# Website issue ??



## Skodaw (Mar 19, 2006)

Anyone else having difficulty getting onto the CS site ??

I was on ok on Sunday building an order -- have not been able to get on last night or tonight - have even tried clearing the cookies etc.


----------



## dodger (May 20, 2006)

no problems here, just been in and surfing, running quick to be honest.


----------



## Skodaw (Mar 19, 2006)

I've tried all thinfg I can think of - cookies history etc but still get :

*The website cannot display the page*

HTTP 500 
*Most likely causes:*


The website is under maintenance. 
The website has a programming error.
 *What you can try:*

*







Refresh the page.*

*







Go back to the previous page.*

* More information*

This error (HTTP 500 Internal Server Error) means that the website you are visiting had a server problem which prevented the webpage from displaying.
For more information about HTTP errors, see Help.


----------



## ClarkeG (Jun 17, 2006)

I placed an order on sat and mid way it stopped working, tried it 5 mins after that and it worked 100%.


----------



## adb (Jul 13, 2006)

i can't keep anything in my basket - as soon as i go to checkout or continue shopping it clears - i want some CG's stuff!!!


----------



## Skodaw (Mar 19, 2006)

It gets stranger -- I tried to access C&S from my PC - no joy cleared cookies etc and can now access - however having done all the same I still cant access via my lappy - odd.


----------



## L200 Steve (Oct 25, 2005)

Skodaw said:


> It gets stranger -- I tried to access C&S from my PC - no joy cleared cookies etc and can now access - however having done all the same I still cant access via my lappy - odd.

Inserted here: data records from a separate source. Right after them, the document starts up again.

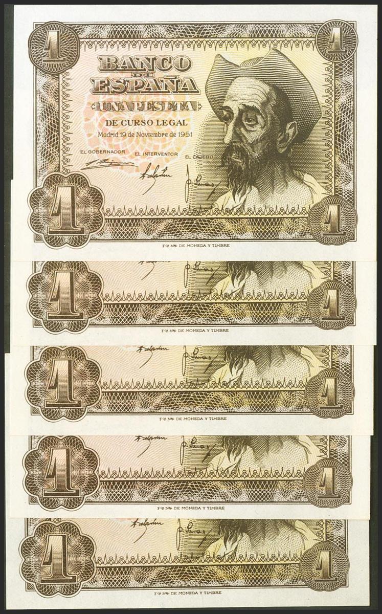 Conjunto de 5 billetes correlativos de 1 Peseta emitidos el 19 de Noviembre de 1951, con la serie B (Edifil 2017: 461a), apresto original. SC/SC-.
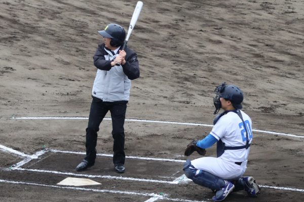 (打席に立つ水戸市長。大山捕手(3年/ラ・サール)と写真には写っていませんが福井投手(2年/開成)が相手を務めました)
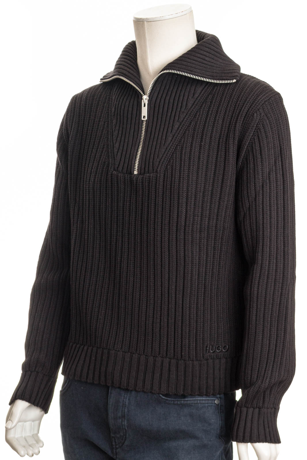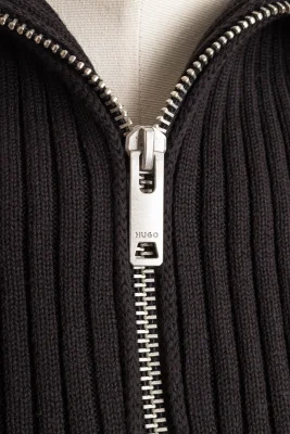 Der gerade geschnittene HUGO Pullover aus Baumwolle ist ein sportlicher Layer mit grober Struktur und Troyerkragen.
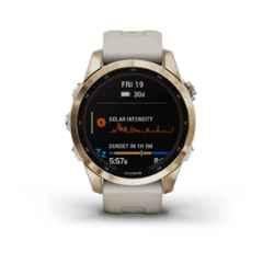 Introducing the Garmin Fenix 7S Sapphire Solar Edition 42mm Cream Gold Smart Watch, the perfect blend of style and technology. This sleek 42mm watch features a stunning cream gold color that will elevate any outfit. With a battery life of up to 14 days, you can stay connected and on top of your fitness goals without constantly worrying about charging. The integrated sensors, including Pulse Ox, provide accurate data to help you track your health and wellness. The item code 010-02539-21 ensures you are getting a high-quality Garmin product from the Fenix 7S series. Upgrade your smart watch game with the Garmin Fenix 7S Sapphire Solar Edition.
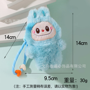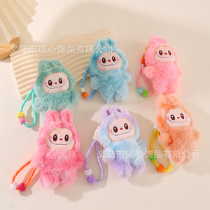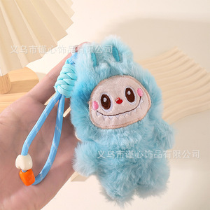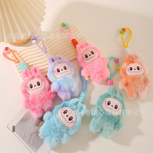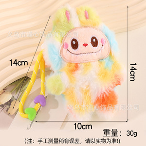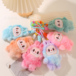新款大号扎染三代labubu公仔挂饰毛绒泡泡玛特拉布布包包挂绳挂件
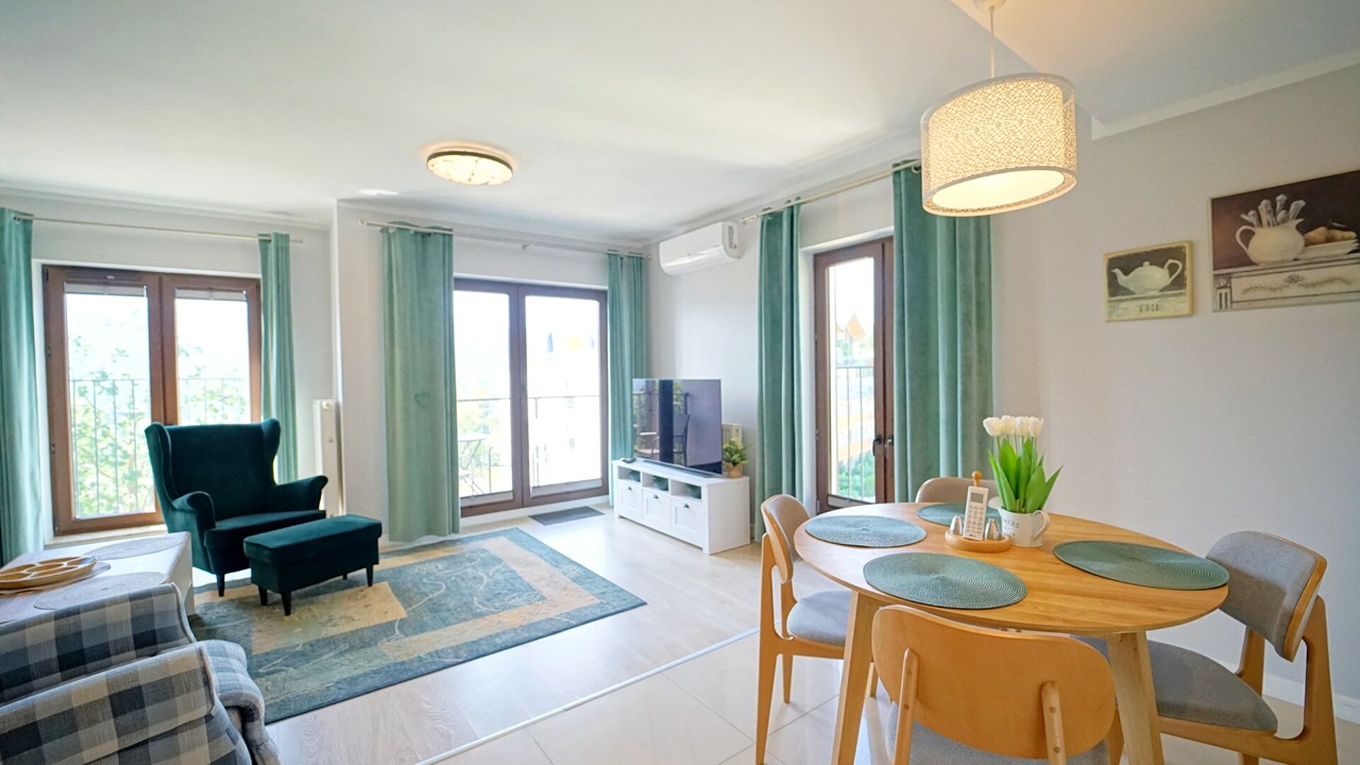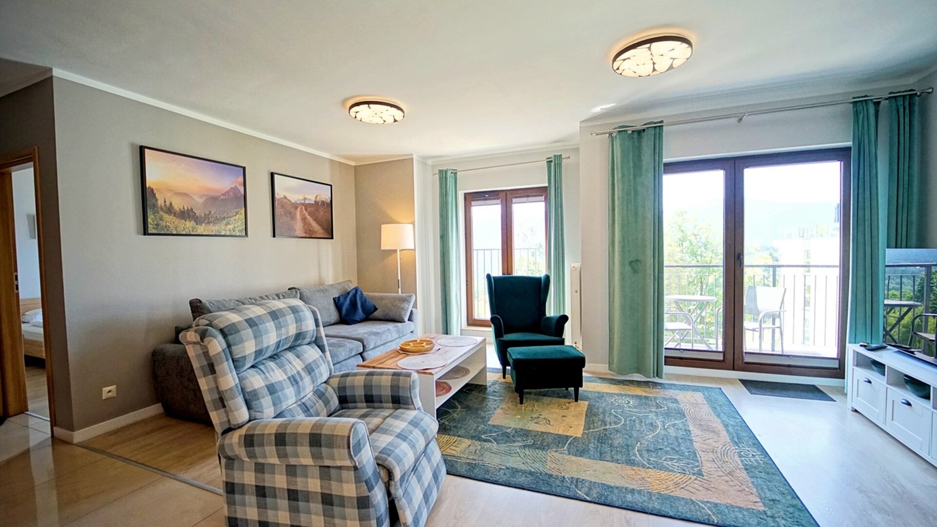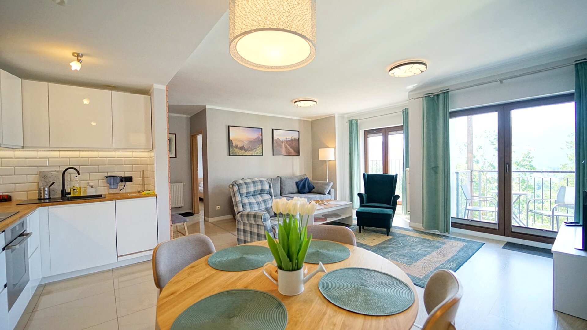 Apartament zlokalizowany jest w nowoczesnym apartamentowcu z windą. Z okien apartamentu roztacza się piękny widok na pasma gór. Obiekt usytuowany jest przy lesie nieopodal płynie strumyk.

Have you got the same version of internet explorer on both machines?

I normally clear cookies then reboot the machine. Seems to work everytime.


----------



## Skodaw (Mar 19, 2006)

Yes IE7 on both machines -- will try a reboot


Cheers


----------



## Alex L (Oct 25, 2005)

I've just ordered some stuff and not had problems????


----------



## Johnnyopolis (Oct 25, 2005)

http://www.cleanandshiny.co.uk/help.asp


----------



## TJMurphy (May 29, 2006)

I've been having problems too, both at work and at home. So that's IE 7 on one and Maxthon / IE 6 on the other. I can't even see the help page, it comes up with the following error message:

Microsoft OLE DB Provider for ODBC Drivers error '80040e57'

[Microsoft][ODBC SQL Server Driver][SQL Server]String or binary data would be truncated.

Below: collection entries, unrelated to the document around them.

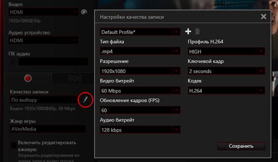 Помимо этого элементарного выбора, здесь же, в боковой панели, имеется возможность настройки качества записи. Оно определяется не только размерами и частотой кадров и битрейтом, но и также профилем кодека H.264, что является довольно важным параметром. Лучше бы, конечно, оставить как есть по умолчанию, наивысший профиль High.
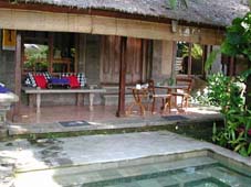 遺産という名の通り苔むした石段、石像、熱帯植物に囲まれた静かなヴィラです。
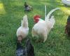 Small Seramas, bantams. Some black, some blue and white spotted and some red and gold. Head is directly over their feet. Wing feathers drag the ground …
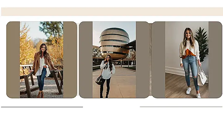 This outfit is the perfect blend of comfort and style. The warm brown sweater and jeans give off serious autumn vibes, and the boots add a touch of sophistication. Just imagine sipping a glass of red wine on a crisp fall day while wearing this outfit. It’s basically the definition of a “wine-derful” experience!
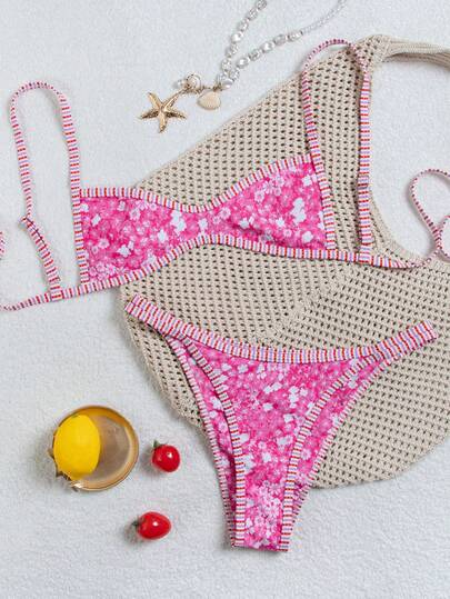 wohenmeili Women's Sexy Floral Print Backless Bikini Set, Beach Vacation Style - Hot Pink - View 1

/login/integrallib.asp, line 294

It's got the top / left and right banners but if I click on any link I get an HTTP500 error.

Tony
(who's running out of car wash stuff and needs to put in an order soon ...)


----------



## veeduby (Feb 1, 2006)

Nicked from C&S site for all those who can't see the help page  :thumb:

To place an order on our website, we use session cookies. These cookies are small snippets of information that hold details of your order, and are held only in the computer's RAM for the one session (the time your web browser is open). When the browser is closed, these cookies are deleted. NOTE: No information is written to the computers' hard drive. Session cookies from cleanandshiny.co.uk are not used to transmit information to us or to any other party other than for the purpose of logging in/out and to track your basket contents through to checkout. We do not track your browsing habits, nor use any information in these cookies for any advertising purposes or any other use which may be considered to be "spyware".

Most sites' session cookies are similarly benign - however there are some sites out there that do not have the same respect for your privacy. For this reason, certain browser security suites, add-ons and firewalls choose to block ALL session cookies - just to be on the safe side - without explaining clearly to the user the implications of this, or how to allow such cookies for site which the user trusts.

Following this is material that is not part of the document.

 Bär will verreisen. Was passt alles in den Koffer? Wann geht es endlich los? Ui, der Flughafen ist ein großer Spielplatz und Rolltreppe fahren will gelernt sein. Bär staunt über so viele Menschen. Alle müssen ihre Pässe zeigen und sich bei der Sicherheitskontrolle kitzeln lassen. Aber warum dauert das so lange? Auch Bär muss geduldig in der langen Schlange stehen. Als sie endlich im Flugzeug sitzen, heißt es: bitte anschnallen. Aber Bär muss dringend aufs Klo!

If you are having problems with being unable to stay logged in to our site, or unable to add items to your basket, the likely cause is that you or some other software you have installed is either blocking or has disabled your browser from accepting session cookies.

We have therefore detailed below details of how to lift this unnecessary restriction on your internet browser (if using a shared/work PC you may need to contact your network administrator)
If you still have problems purchasing or logging into our site after completing these steps, email us at [email protected]

Open a browser window then from the menu bar select the "Tools" menu and then "Internet Options" You then need to click the "Privacy" tab you should see the screen below, you then need to click the "Sites" option.










The "Per Site Privacy Actions" window should now open. In the "Address of websites" enter www.cleanandshiny.co.uk (you do not need to include http://) and then click the OK button, that window should close and then click "APPLY" and the other window should close.










Congratulations! You have now enabled cookies with Clean and Shiny!


----------



## TJMurphy (May 29, 2006)

That might be the answer for people who are not able to add things to the basket but it's not an answer to an HTTP500 error or the OLEDB error I queried above. I'm not getting anywhere near the basket 


Tony


----------



## Alex L (Oct 25, 2005)

Just a thought, you can always phone them up:thumb:


----------



## TJMurphy (May 29, 2006)

Alex L said:


> Just a thought, you can always phone them up:thumb:


Very true but they already give me enough grief at work that I prefer to do it quietly over the internet 

Tony


----------



## Johnnyopolis (Oct 25, 2005)

Tony,

I will drop it over to you some time.... email me what you want....

[email protected]


----------



## TJMurphy (May 29, 2006)

Woohoo, our IT people did some messing around and it's working for me again now! Not sure what they did unfortunately* (and I couldn't really tell them it was for this site) but order being put together now!

Thanks all


* They did delete cookies but did a few other things as well so not sure which one did the trick.


----------



## Johnnyopolis (Oct 25, 2005)

TJMurphy said:


> Woohoo, our IT people did some messing around and it's working for me again now! Not sure what they did unfortunately* (and I couldn't really tell them it was for this site) but order being put together now!
> 
> Thanks all
> 
> * They did delete cookies but did a few other things as well so not sure which one did the trick.


Great News....

Glad its all sorted Tony!

Johnny


----------